_SUPPLIED DATA_:
_ _ _ _

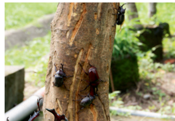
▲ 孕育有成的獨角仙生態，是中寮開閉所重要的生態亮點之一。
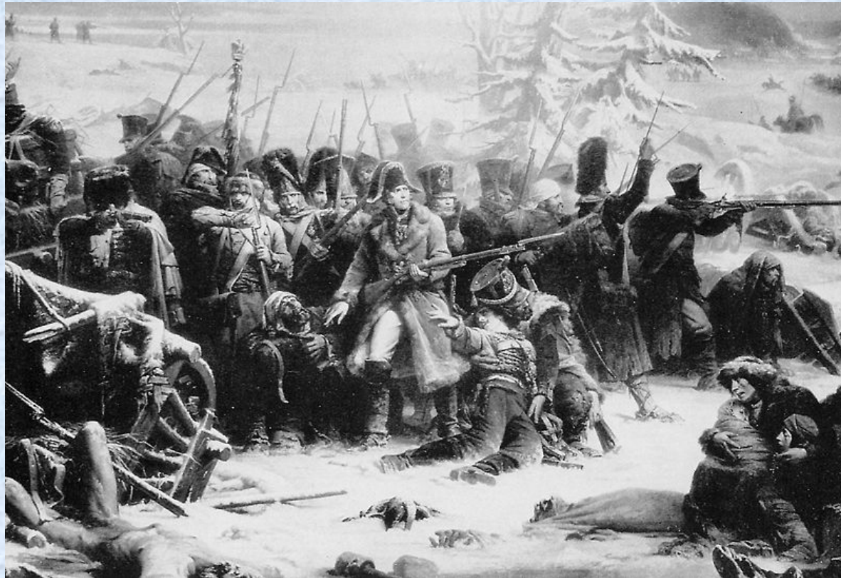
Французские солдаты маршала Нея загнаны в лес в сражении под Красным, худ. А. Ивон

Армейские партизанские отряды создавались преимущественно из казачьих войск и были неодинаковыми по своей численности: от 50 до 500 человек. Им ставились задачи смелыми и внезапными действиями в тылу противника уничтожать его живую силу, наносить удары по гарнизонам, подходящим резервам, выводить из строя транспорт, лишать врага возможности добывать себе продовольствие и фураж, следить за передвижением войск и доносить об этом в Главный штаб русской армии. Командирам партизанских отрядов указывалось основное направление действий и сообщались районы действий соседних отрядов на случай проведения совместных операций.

_ _ _ _

_TASK DETAILS_:
Your task is to repeat exactly the lines from the beginning of the data to the line that contains "Французские солдаты маршала", both ends included, leaving out pictures.

_RESULT OF THIS TASK_:
▲ 孕育有成的獨角仙生態，是中寮開閉所重要的生態亮點之一。
Французские солдаты маршала Нея загнаны в лес в сражении под Красным, худ. А. Ивон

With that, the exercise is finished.